> **What you are asked to do**: Exactly the lines from the one with "That’s why I" through the final line of the entries, and nothing else, should appear in the answer; no pictures go in it.

[Records supplied]

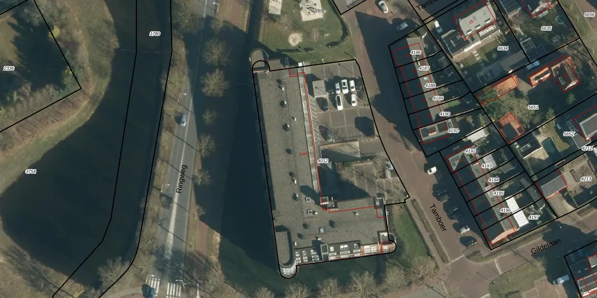 Het perceel waarop Tamboer 38 staat heeft een oppervlakte van 2630 m². Dit is een zeer groot perceel. De perceeloppervlakte wordt geregistreerd door het Kadaster. Gedetailleerde informatie over de maten van dit perceel kunt u vinden in het rapport Kadastrale kaart met maatvoering van Tamboer 38.
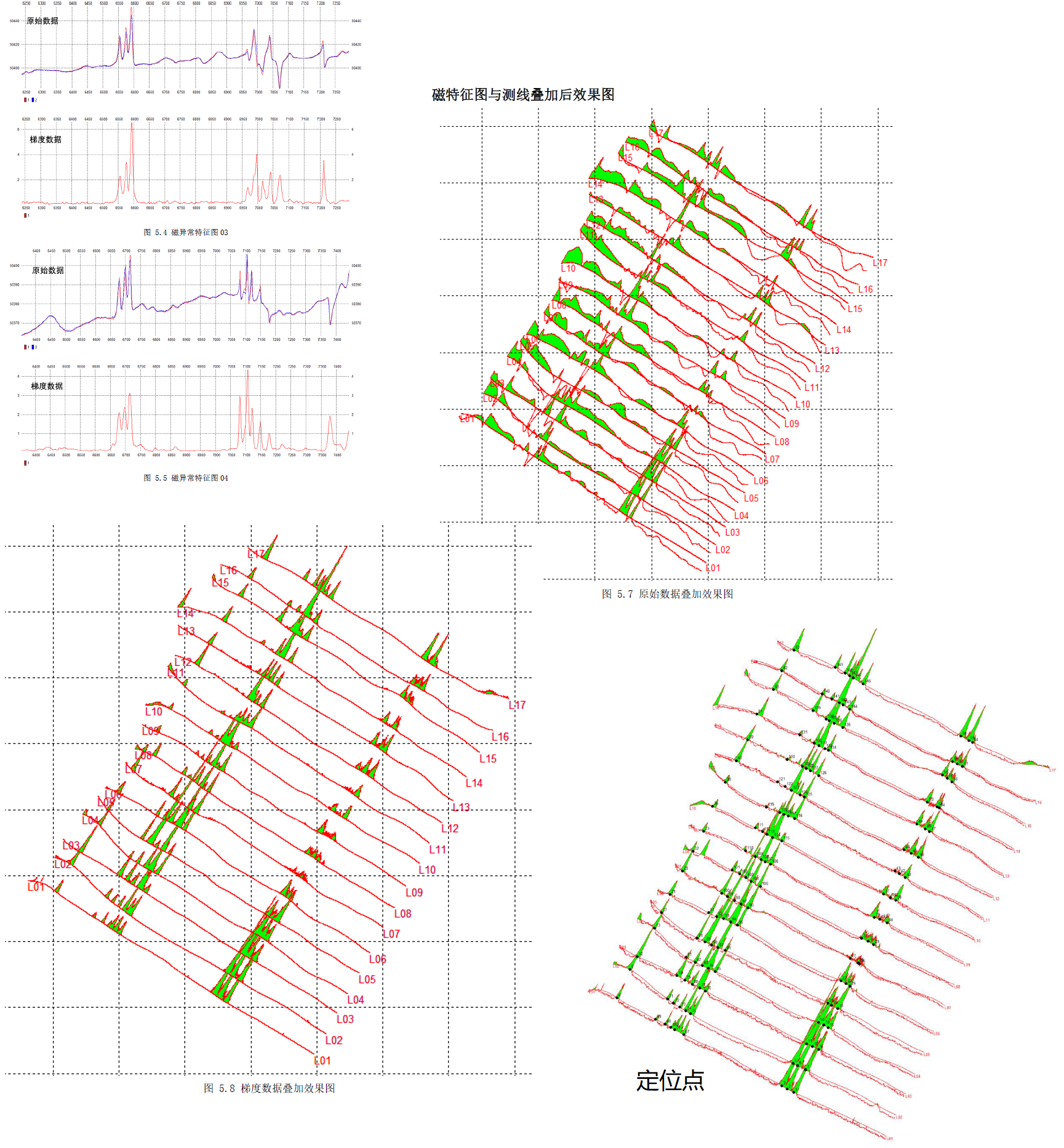 从磁力数据剖面图中可以明显看出异常数值。从梯度值剖面图中可以看出,两台仪器在无异常点时数值仅差0.1左右,数值在有异常点时两台仪器会出现明显差值。
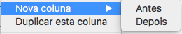 Também é possível duplicar uma coluna usando o menu contextual disponível quando dar um clique direito no cabeçalho. Escolha o comando Duplicar esta coluna e uma coluna idêntica é adicionada à direita da coluna original
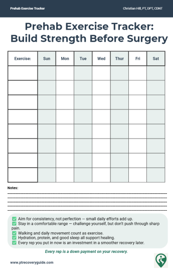 That’s why I put together two free and simple tools to make prehab easier. They’ll help you stay organized, track your progress, and feel more confident heading into surgery.
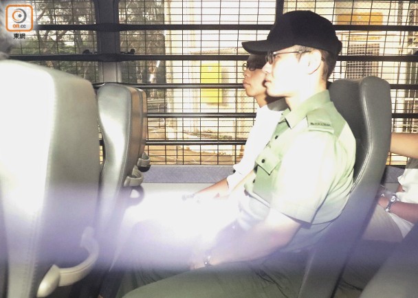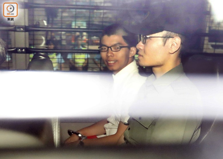 剃過頭的黃之鋒在囚車內(圖片來源:香港“東網”)
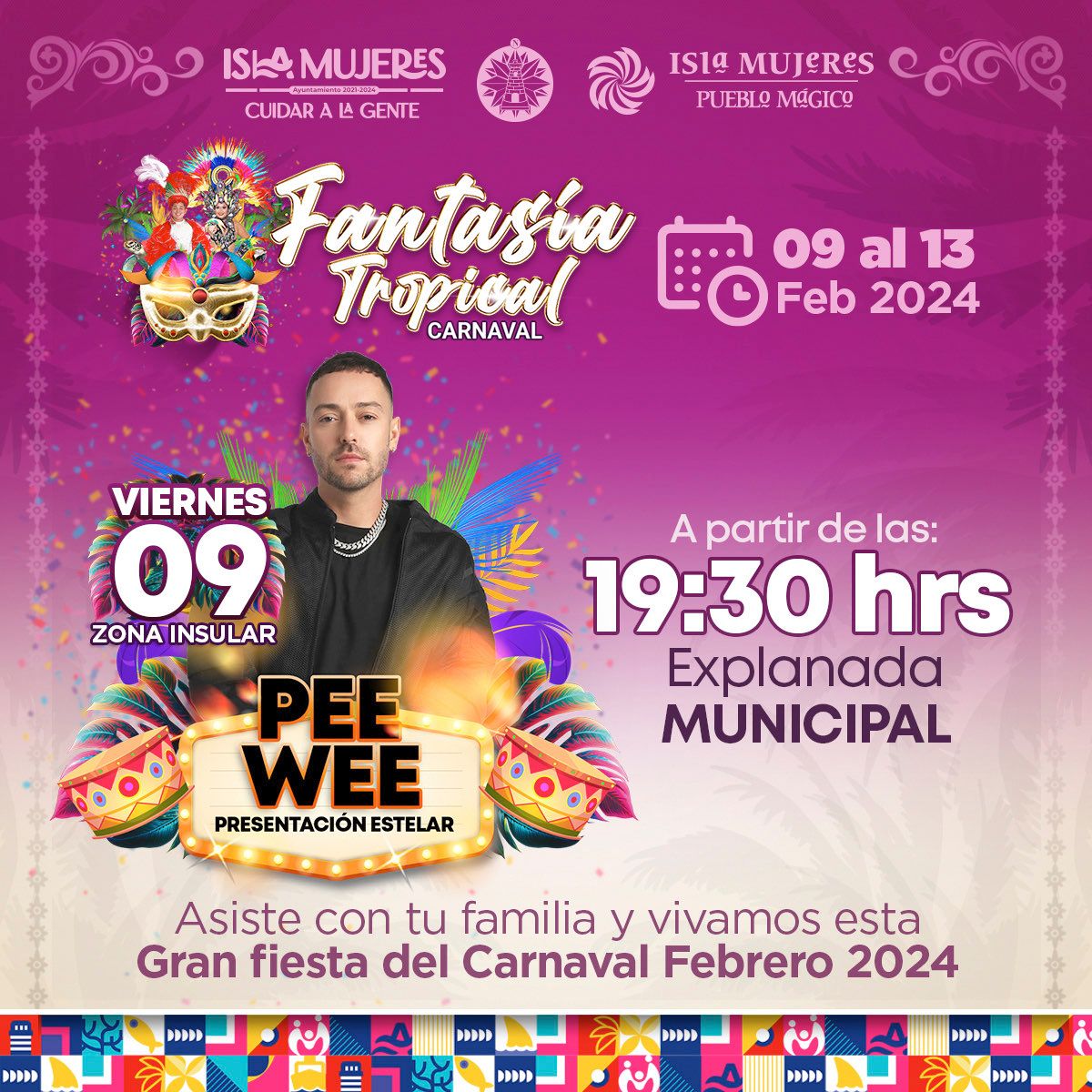 ISLA MUJERES.- El Gobierno Municipal de Isla Mujeres invita a las familias isleñas y turistas este 9 de febrero, al arranque del Carnaval Fantasía Tropical 2024 en la Zona Insular con la Gala de Coronación, a partir de las 19:30 en la Explanada Municipal.
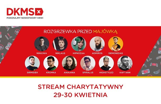 Podczas transmisji Rozgrzewka przed majówką z Fundacją DKMS, która łącznie będzie trwała 22 godziny, pojawią się znani twórcy internetowi, czyli Miniuwa, Admiros, Demonidias, Hipnozaa, SirMisiek, HighStyled, Niklaus, Kaftann, Kromka, Spiralus oraz AniaAnia.
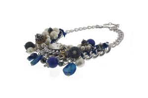 NOUR Faceted Glass Bead Long Necklace in 2 Shades of Blue is Silver Tone
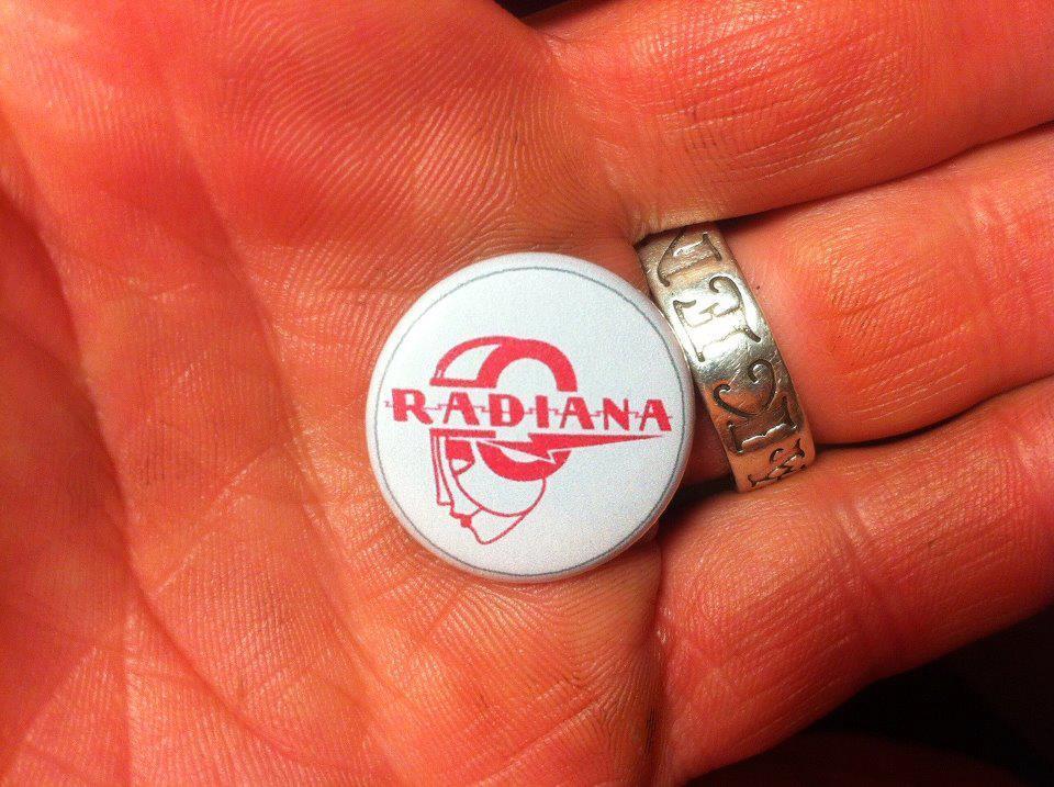 Yet again, a very cool Radiana button for your lapel, this time it's white with pink artwork. Get all 3 for ultimate variety!

[/Records supplied]

> **Answer to this problem**:
 That’s why I put together two free and simple tools to make prehab easier. They’ll help you stay organized, track your progress, and feel more confident heading into surgery.
 剃過頭的黃之鋒在囚車內(圖片來源:香港“東網”)
 ISLA MUJERES.- El Gobierno Municipal de Isla Mujeres invita a las familias isleñas y turistas este 9 de febrero, al arranque del Carnaval Fantasía Tropical 2024 en la Zona Insular con la Gala de Coronación, a partir de las 19:30 en la Explanada Municipal.
 Podczas transmisji Rozgrzewka przed majówką z Fundacją DKMS, która łącznie będzie trwała 22 godziny, pojawią się znani twórcy internetowi, czyli Miniuwa, Admiros, Demonidias, Hipnozaa, SirMisiek, HighStyled, Niklaus, Kaftann, Kromka, Spiralus oraz AniaAnia.
 NOUR Faceted Glass Bead Long Necklace in 2 Shades of Blue is Silver Tone
 Yet again, a very cool Radiana button for your lapel, this time it's white with pink artwork. Get all 3 for ultimate variety!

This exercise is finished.